• Editorial
16/01/2017

2017, le retour de l'inflation

Conjoncture et marchés

La lettre de GESTION PRIVEE - janvier 2017

Au-delà des surprises politiques rencontrées (Brexit, élection du Président Trump...), nous retiendrons de 2016 notamment la nette amélioration de la situation économique, en particulier aux États-Unis, la réappréciation du prix des matières premières et ainsi le retour progressif de l’inflation à l’échelle mondiale. Dans ce contexte, les taux vont poursuivre leur remontée, mais partant de niveaux historiquement faibles ce mouvement sera absorbable par le marché. Ainsi, notre allocation 2017 privilégie les actions, particulièrement européennes et américaines, et notre exposition obligataire restera concentrée sur le marché du crédit à maturité courte.

Aux États-Unis, l’implémentation du programme du Président Trump est un des enjeux majeurs. L’importante détente fiscale en faveur des entreprises fera mécaniquement progresser les bénéfices par action des sociétés, et le retour des liquidités sur le sol américain pourrait relancer les opérations de fusion-acquisition ou de rachats d’actions. Le programme d’investissement dans les infrastructures soutiendra également la croissance. Les mesures protectionnistes seront au cœur de la stratégie. Elles se traduiront par une relocalisation de la production sur le territoire américain, entraînant un accroissement des coûts de production et, in fine, des prix à la consommation. Dans cet environnement inflationniste, la Réserve Fédérale sera en mesure de poursuivre la normalisation de sa politique monétaire. Dès lors, nous surveillerons le rythme des hausses de taux anticipées pour 2017 et susceptibles de créer de la volatilité.

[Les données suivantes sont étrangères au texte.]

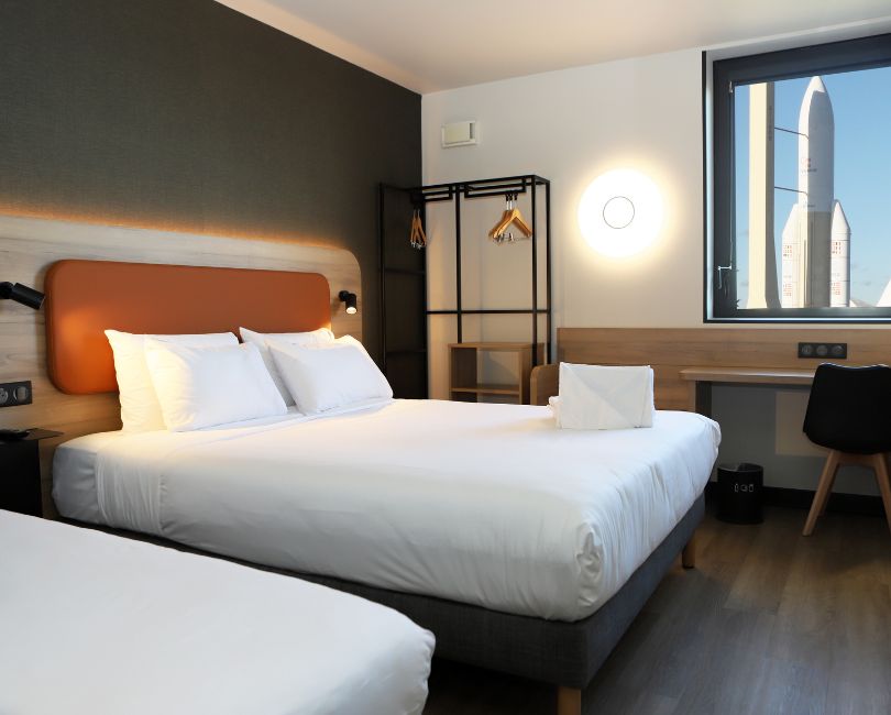 Su hotel Campanile PRIME le ofrece un entorno decididamente moderno y confortable. Todas nuestras habitaciones fueron renovadas a finales de 2024, combinando diseño y funcionalidad y ofreciendo ropa de cama de alta gama. Los cuartos de baño son elegantes y agradables, con una mezcla de madera, luz y claridad. Si le apetece hacer algo de ejercicio, tiene un gimnasio a su disposición.

En Europe, en dépit d’une croissance plus modérée, les taux suivront la tendance haussière américaine. Cependant, la BCE toujours très accommodante limitera jusqu’à un certain point cette progression. Les nombreuses échéances politiques avec la mise en place du Brexit, les élections néerlandaises, françaises et allemandes, nécessitent une vigilance particulière car elles sont potentiellement source de volatilité. Mais le scénario du pire n’est pas certain, il n’est donc pas à exclure que ces élections aboutissent à la mise en place de réformes indispensables et espérées. Cela pourrait constituer la bonne surprise de 2017, favorisant une réduction de la décote politique et le retour des flux dans la zone Euro.

Nous serons en revanche plus prudents pour les pays émergents. La hausse du dollar conjuguée à celle des taux contraindra probablement les pays endettés. À l’exception des régions productrices de matières premières, nous gardons un biais prudent en faveur de ces zones.

Ainsi, nous anticipons une progression des indices actions en 2017, en particulier en Europe et aux États-Unis, favorisée par celle des bénéfices par action des entreprises. Les hausses de taux à venir s’accompagnant d’une situation économique améliorée, cela devrait porter plusieurs secteurs. Nous privilégions les plus cycliques, tels que les financières, la construction ou encore le pétrole et les services associés, pour lesquels l'amélioration de résultats devrait être la plus significative. La grande rotation sectorielle déjà actée au dernier trimestre, devrait donc se poursuivre.